Effet ricochet de la loi pour la confiance dans l'économie numérique, les parlementaires examinent actuellement une modification du régime de responsabilité applicable aux services postaux, et plus exactement à la Poste. En pratique, la Poste est actuellement irresponsable pour tous les envois "non spéciaux" (recommandés, etc.). C'est à dire qu'en cas de perte ou avarie d'un colis, le cybermarchand (devenu responsable de plein droit) assume les coûts afférents à ces aléas du circuit postal.
C'est pourquoi, une modification de ce régime est actuellement envisagée dans le projet de loi sur la régulation postale (article 11). Adopté par l'Assemblée nationale en première lecture, un amendement modifie l'article L. 7 du Code des postes et communications électroniques en prévoyant que "la responsabilité des entreprises fournissant des services postaux peut être engagée à raison des seuls envois pour lesquels une preuve de distribution ou de dépôt à la demande de l'expéditeur est prévue :
1° Pour les avaries causées à l'occasion du traitement de ces envois, si dans les trois jours, non compris les jours fériés qui suivent leur distribution, le destinataire ou le client a notifié sa protestation motivée à l'entreprise fournissant le service postal ;
2° Pour les dommages directs causés par la perte de ces envois, si une preuve de dépôt peut être produite et, dans le cas où une telle preuve serait produite, si l'entreprise accomplissant le service postal ne produit pas de preuve de distribution ;
3° Pour les dommages directs causés par le retard de ces envois, si l'entreprise fournissant des services postaux a souscrit un engagement en la matière".
En pratique, les députés souhaitent ouvrir légèrement la porte de l'irresponsabilité de la Poste en souhaitant soumettre toutes les entreprises postales au même régime de responsabilité. Celle-ci demeure néanmoins fortement encadrée compte tenu des conditions imposées.
En effet, le colis devra tout d'abord faire l'objet au moins d'un flashage afin d'avoir une preuve de dépôt ou de distribution. Un décret devrait être publié afin de déterminer les différents types de preuve admissible. Notamment, dans les relations entre particuliers, il sera sans doute utile qu'il tienne compte du recours de plus en plus systématique à la "lettre suivie".
Ensuite, on se rend compte qu'en cas d'avarie, l'engagement de la responsabilité est soumise à l'obligation pour le prestataire (ou le destinataire du colis) de notifier les dégâts au service postal dans les trois jours. Quid si cela n'a pas lieu : l'engagement de la responsabilité du transporteur par le vendeur ne sera pas possible. Dans ces conditions, un cyber-marchand risque d'être tenté d'insérer dans ses CGV une clause limitative de responsabilité précisant qu'en cas d'avarie, le cybermarchand est responsable que si l'avarie a été notifiée dans les trois jours au transporteur.

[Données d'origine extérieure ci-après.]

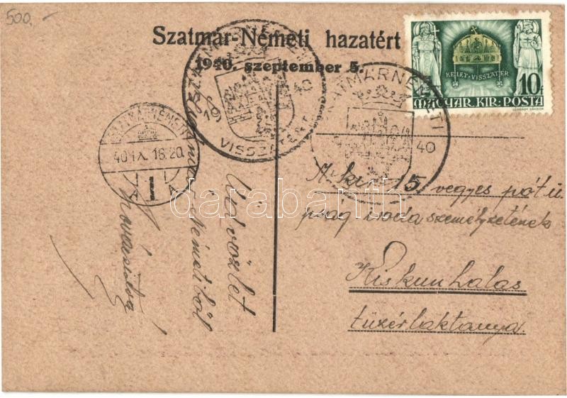Beschreibung: Szatmárnémeti, Satu Mare; Református leánygimnázium / girl grammar school "1940 Szatmárnémeti visszatért" So. Stpl
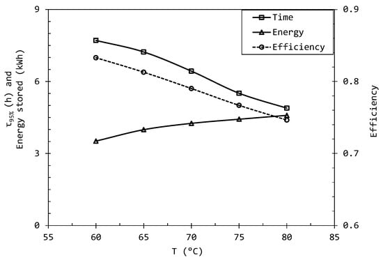 Flow rate and inlet temperature influence on the TES storage time and efficiency.
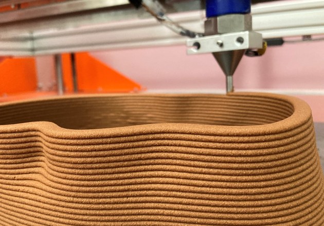 Während des Forschungsprojektes wurden bereits umfangreiche Materialuntersuchungen durchgeführt, um geeignete naturstoffbasierte Materialien für das 3D-Druckverfahren zu identifizieren. Anstelle von herkömmlichen thermoplastischen Kunststoffen kommt eine plastische Masse zum Einsatz, die recycelbar, stabil, leicht und kostengünstig sein muss. So wurden bereits verschiedene Bindemittel, wie Agar-Agar, Carrageen und Zellleim, für den Einsatz im LDM-Verfahren getestet, jedoch führten diese oft zu langen Trocknungszeiten, starker Schrumpfung und geringer Haftung. Die Lösung fand sich in Glutinleim, der bei Raumtemperatur zu einem stabilen Thermoplast-Elastomer aushärtet. Eine gleichmäßige Schrumpfung wird bereits bei der Erstellung des 3D-Modells berücksichtigt. In Kombination mit geeigneten Füllstoffen und Additiven wird es zu einer schlagzähen Masse, die vollständig kompostierbar und recyclingfähig ist.
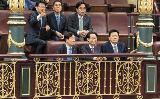 스페인 국회 구경 간 기재위 의원들 - 국회 기획재정위원회 관계자들이 지난 4월 20일 스페인 마드리드 의사당에서 하원 본회의를 참관하고 있다. 앞줄 맨 오른쪽부터 시계 방향으로 기재위 소속 국민의힘 윤영석·류성걸 의원, 더불어민주당 신동근 의원, 박상훈 스페인 대사, 민주당 김주영 의원, 국민의힘 송언석 의원. /국회 기획재정위원회 |
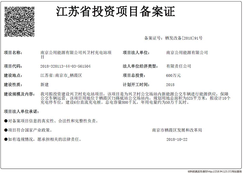 信息名稱:    江蘇省投資項目備案證-南京公用能源有限公司興衛村充電站項目
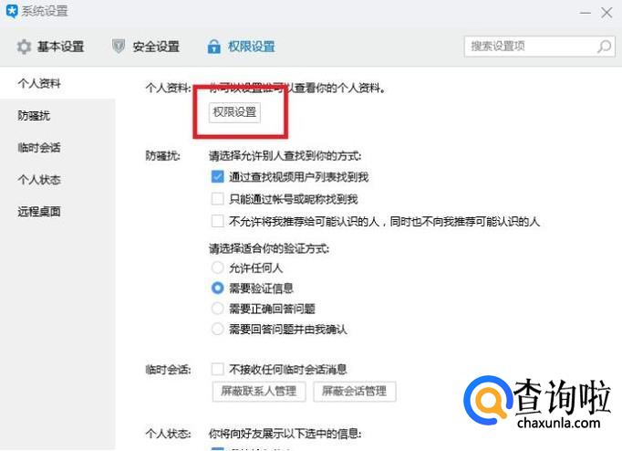 个人资料的相关设置中,点击对应的“权限设置”。
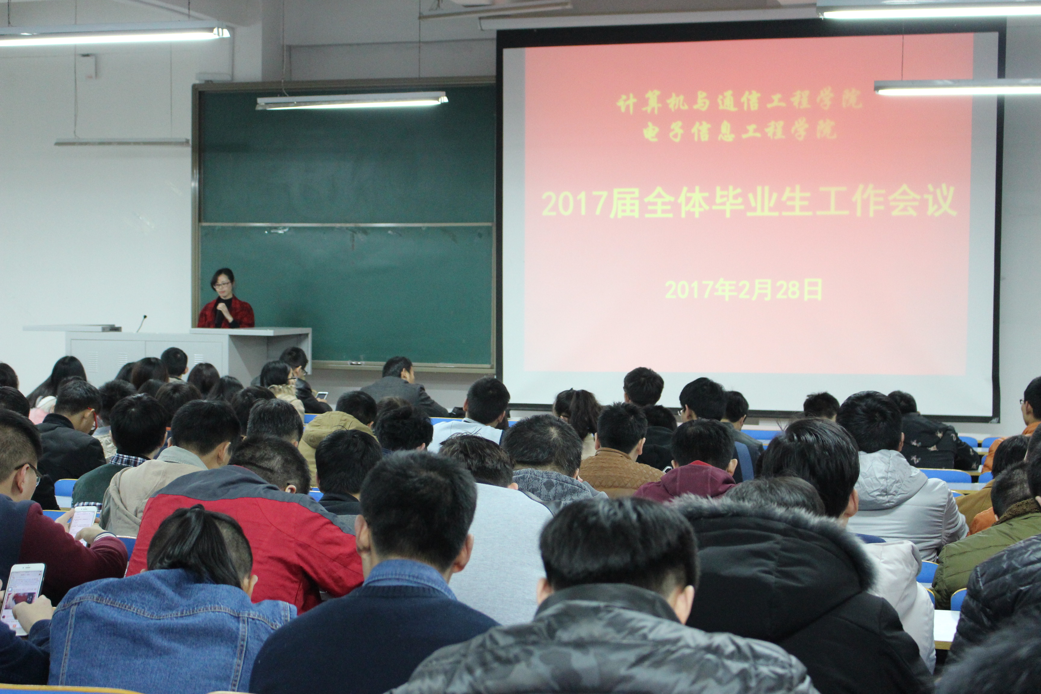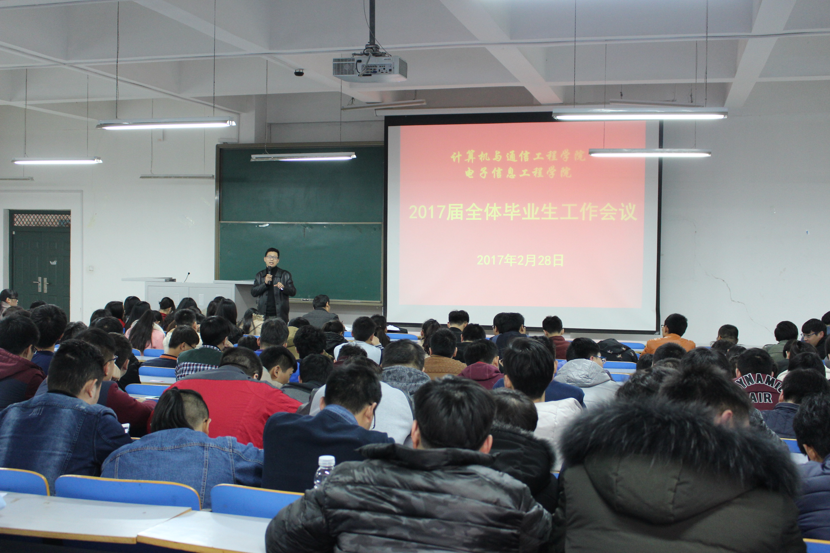 2017年2月28日下午14:30,15:30,计算机与通信工程学院(电子信息工程学院)在计算机楼118教室召开了2017届全体毕业生工作会议,学院分团委书记沈高峰老师,学院负责就业工作的辅导员欧阳杜娟老师,毕业班辅导员以及2017届全体毕业生参加了此次会议。
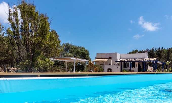 It is a house where it is easy to feel comfortable. The sleeping areas both have independent entrances and the large living room that separates them offers a large conversation area, large full hd flat screen TVs, music and many books. The external verandas are all equipped with sofas and armchairs. It is pleasant to have lunch outside under the large canopy, taste excellent fish roasted on the barbecue or maybe freshly baked bread in the wood oven. In the garden surrounding the house, plants of all kinds coexist, as in a fascinating symbiosis: agaves, cacti, aloes, maritime pines, wild olive trees, oleanders, palms and carob trees. Enjoy the coolness lying on one of the many hammocks in the pine forest after a dip in the pool or on the way back from the sea, jogging at sunset, walking the beaten white streets around the house .... It is a magical place, it is a wonderful island!
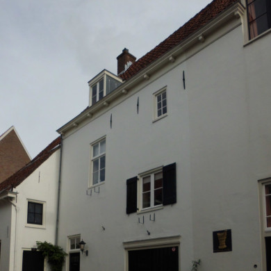 Huis met gepleisterde lijstgevel 1660. In de zijgevel twee gevelsteentjes.

Une telle disposition nécessaire pour que le cybermarchand puisse faire valoir ses droits, risque de se prendre de plein fouet le principe de la responsabilité de plein droit retenu dans la LCEN.
Sans doute que le juge admettra - compte tenu du régime restrictif imposé par la loi de régulation postale - une telle exonération.
Concernant la perte du colis, le transporteur pourra se dégager de toute responsabilité s'il apporte la preuve qu'il a bien procédé à la livraison. Néanmoins, le texte n'indique pas ce qu'il faut entendre par livraison : est-ce une livraison au destinataire prévu ? En effet, une technique de fraude qui se développe est celui de la "réception sur le pallier". L'escroc attend le colis sur le pallier de la victime et se fait passer pour elle. Dans une telle situation, la livraison devra-t-elle être considérée comme effective ? Devra-t-on imposer aux sociétés de transport de procéder à une vérification d'identité ?
Enfin, une limite à cette "ouverture". Selon le texte, c'est un décret qui fixera le plafond d'indemnisation.
Au final, ce nouveau régime de responsabilité des industries postales soulève encore plus d'interrogations qu'il n'en résout. Il ne fait pas de doute que les cyber-marchands ne seront pas tous satisfaits de ces nouvelles dispositions encore en débat au moins jusqu'à l'été 2005.